**Instructions to follow:** Reproduce exactly the lines from the start of the records through the line containing "Sítotisk ekologickou černou", both included. Leave the pictures out.

Collected data entries:

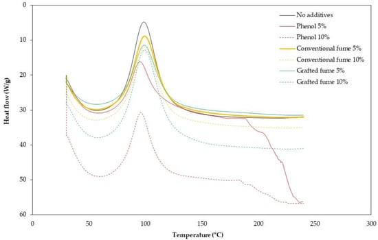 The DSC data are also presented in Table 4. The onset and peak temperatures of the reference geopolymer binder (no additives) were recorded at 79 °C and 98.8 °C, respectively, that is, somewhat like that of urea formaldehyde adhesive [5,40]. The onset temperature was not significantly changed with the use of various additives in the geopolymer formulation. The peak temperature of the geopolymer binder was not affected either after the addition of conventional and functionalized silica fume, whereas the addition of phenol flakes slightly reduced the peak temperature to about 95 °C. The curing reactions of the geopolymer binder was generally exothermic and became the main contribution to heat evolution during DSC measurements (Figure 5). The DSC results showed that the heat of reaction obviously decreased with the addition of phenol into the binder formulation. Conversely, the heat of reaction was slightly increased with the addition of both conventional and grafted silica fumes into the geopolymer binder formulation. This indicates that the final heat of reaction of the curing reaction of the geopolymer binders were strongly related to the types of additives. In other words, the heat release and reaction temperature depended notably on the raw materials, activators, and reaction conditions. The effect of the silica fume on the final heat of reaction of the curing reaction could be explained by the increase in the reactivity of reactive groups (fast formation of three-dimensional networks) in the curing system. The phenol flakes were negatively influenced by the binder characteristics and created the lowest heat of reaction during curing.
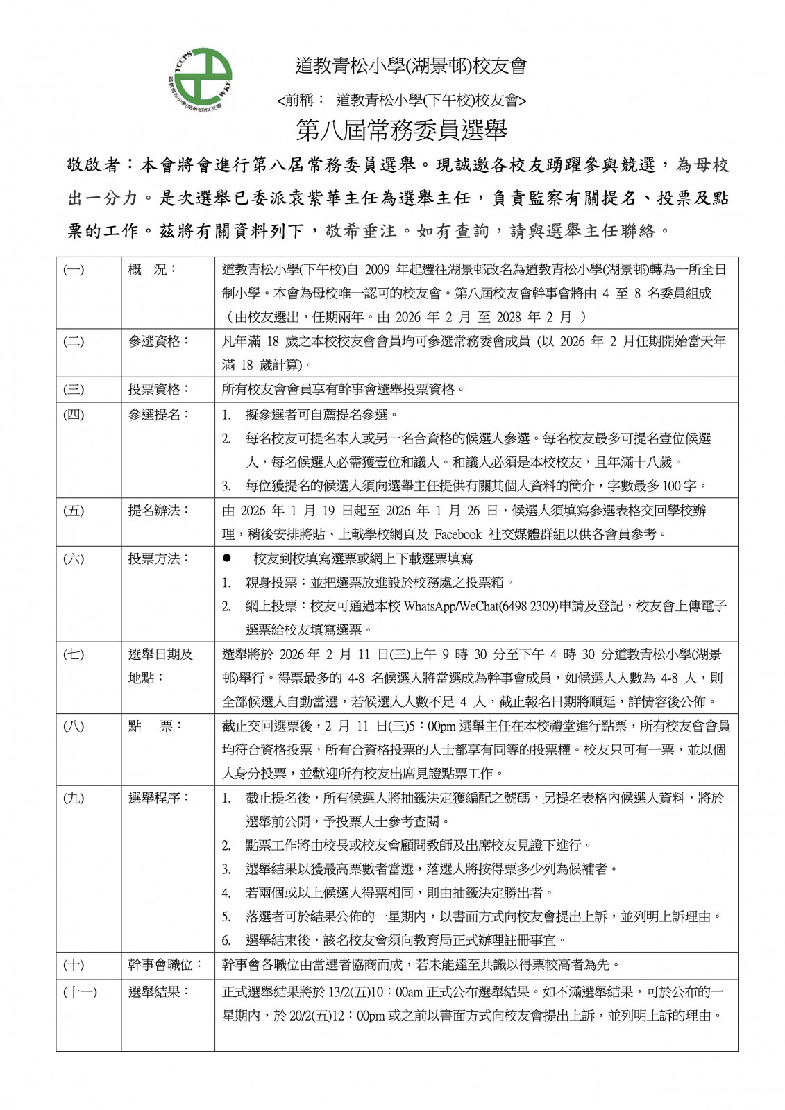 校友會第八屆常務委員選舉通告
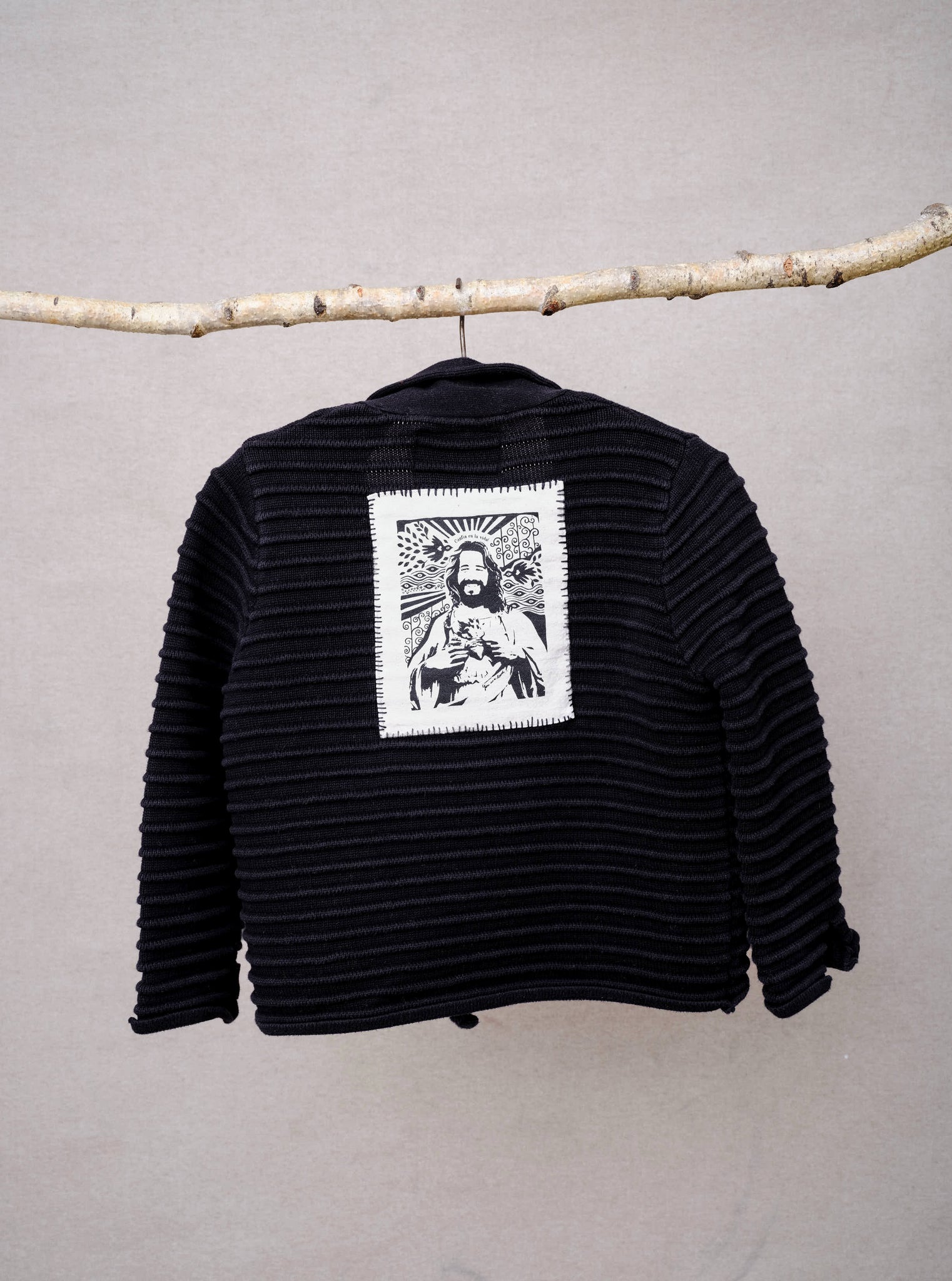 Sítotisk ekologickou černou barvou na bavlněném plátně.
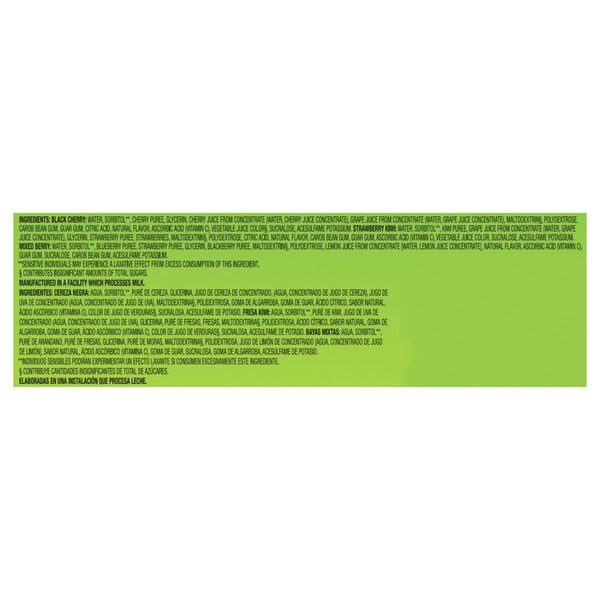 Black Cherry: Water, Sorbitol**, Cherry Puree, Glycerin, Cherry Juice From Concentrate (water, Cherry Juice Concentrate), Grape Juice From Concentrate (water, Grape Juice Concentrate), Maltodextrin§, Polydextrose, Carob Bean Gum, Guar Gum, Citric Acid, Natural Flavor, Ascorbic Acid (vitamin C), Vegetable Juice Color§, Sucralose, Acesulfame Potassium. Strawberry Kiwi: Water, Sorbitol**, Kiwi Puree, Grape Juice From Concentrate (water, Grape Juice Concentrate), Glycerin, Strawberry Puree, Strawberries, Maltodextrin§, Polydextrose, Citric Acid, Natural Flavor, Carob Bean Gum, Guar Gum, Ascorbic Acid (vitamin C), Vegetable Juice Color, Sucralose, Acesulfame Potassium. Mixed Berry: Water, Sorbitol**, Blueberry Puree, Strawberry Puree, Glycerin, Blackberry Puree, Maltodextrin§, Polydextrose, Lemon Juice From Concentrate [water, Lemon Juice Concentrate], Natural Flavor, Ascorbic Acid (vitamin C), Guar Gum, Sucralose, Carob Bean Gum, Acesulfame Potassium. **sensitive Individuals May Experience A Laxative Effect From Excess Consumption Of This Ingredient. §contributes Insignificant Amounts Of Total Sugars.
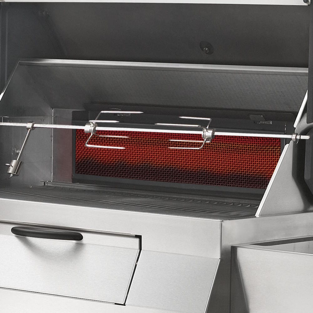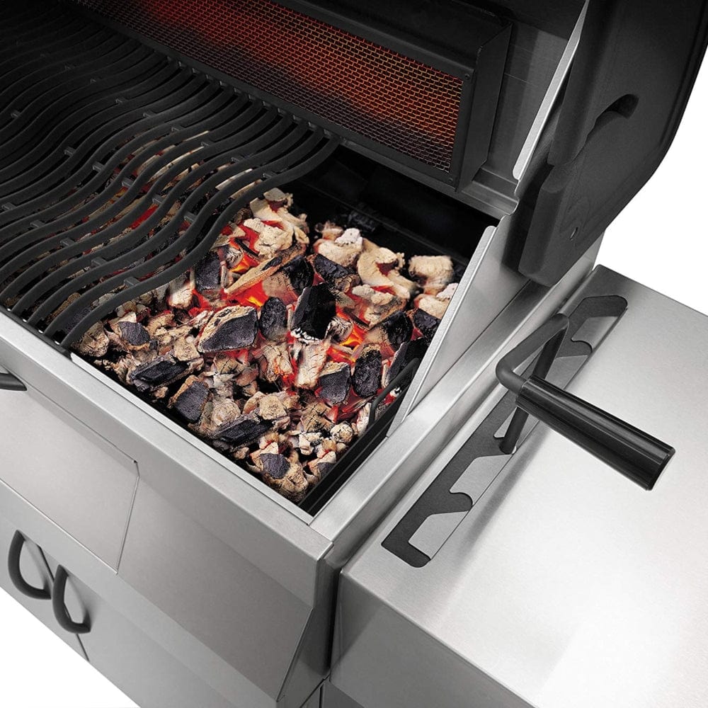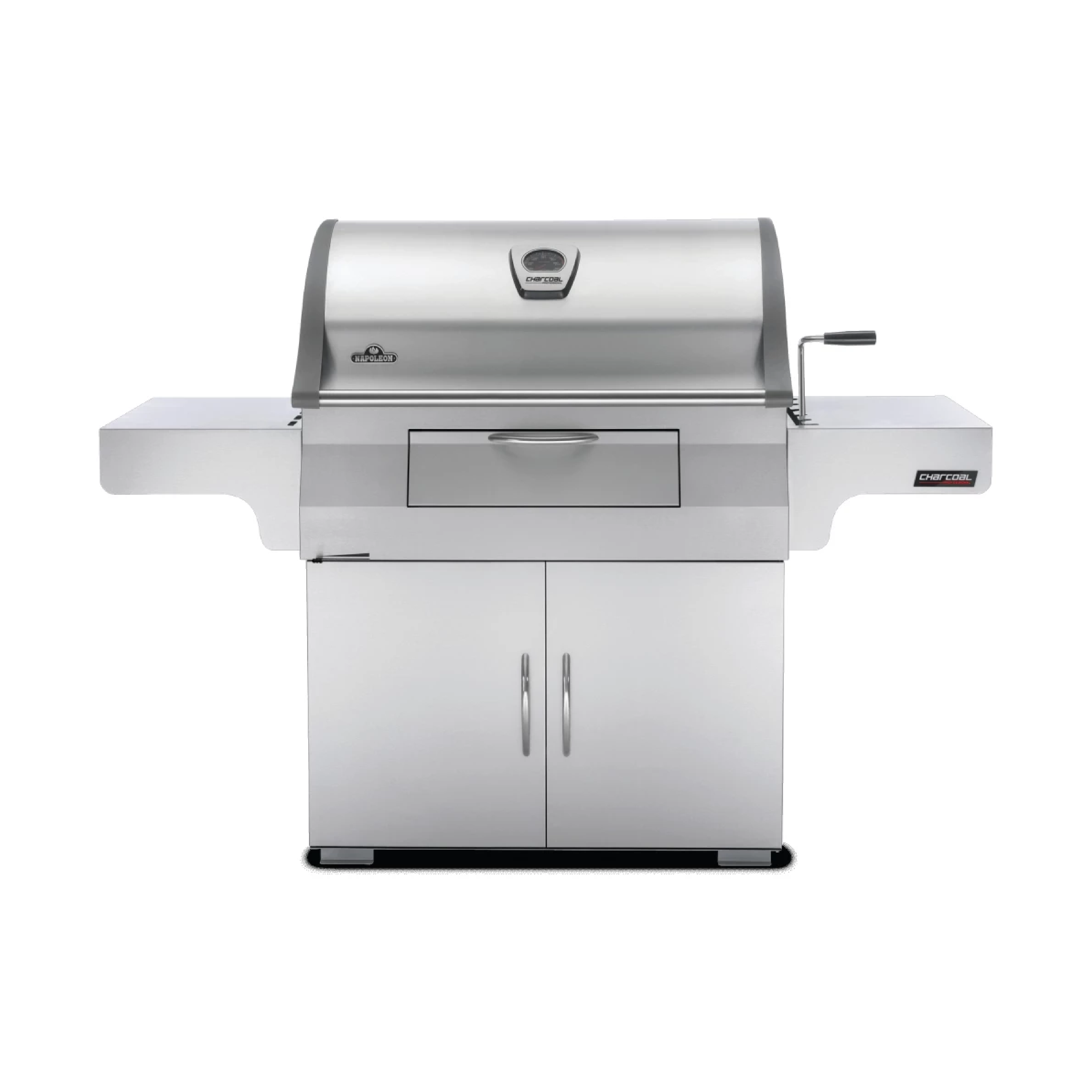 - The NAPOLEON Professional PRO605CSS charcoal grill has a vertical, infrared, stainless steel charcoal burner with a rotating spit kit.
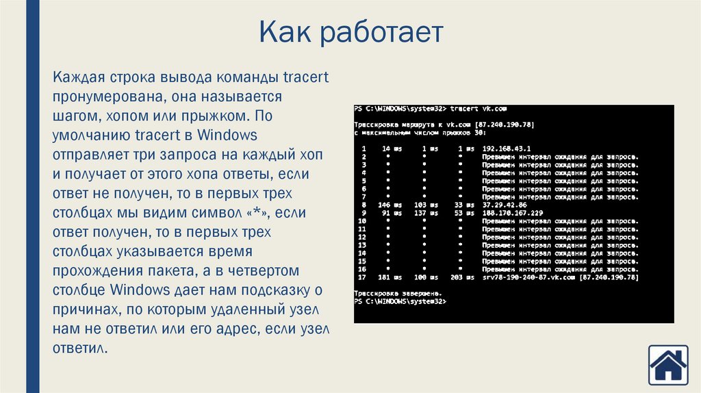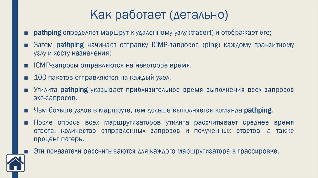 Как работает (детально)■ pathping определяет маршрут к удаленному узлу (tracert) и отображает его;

**Task output:**
 The DSC data are also presented in Table 4. The onset and peak temperatures of the reference geopolymer binder (no additives) were recorded at 79 °C and 98.8 °C, respectively, that is, somewhat like that of urea formaldehyde adhesive [5,40]. The onset temperature was not significantly changed with the use of various additives in the geopolymer formulation. The peak temperature of the geopolymer binder was not affected either after the addition of conventional and functionalized silica fume, whereas the addition of phenol flakes slightly reduced the peak temperature to about 95 °C. The curing reactions of the geopolymer binder was generally exothermic and became the main contribution to heat evolution during DSC measurements (Figure 5). The DSC results showed that the heat of reaction obviously decreased with the addition of phenol into the binder formulation. Conversely, the heat of reaction was slightly increased with the addition of both conventional and grafted silica fumes into the geopolymer binder formulation. This indicates that the final heat of reaction of the curing reaction of the geopolymer binders were strongly related to the types of additives. In other words, the heat release and reaction temperature depended notably on the raw materials, activators, and reaction conditions. The effect of the silica fume on the final heat of reaction of the curing reaction could be explained by the increase in the reactivity of reactive groups (fast formation of three-dimensional networks) in the curing system. The phenol flakes were negatively influenced by the binder characteristics and created the lowest heat of reaction during curing.
 校友會第八屆常務委員選舉通告
 Sítotisk ekologickou černou barvou na bavlněném plátně.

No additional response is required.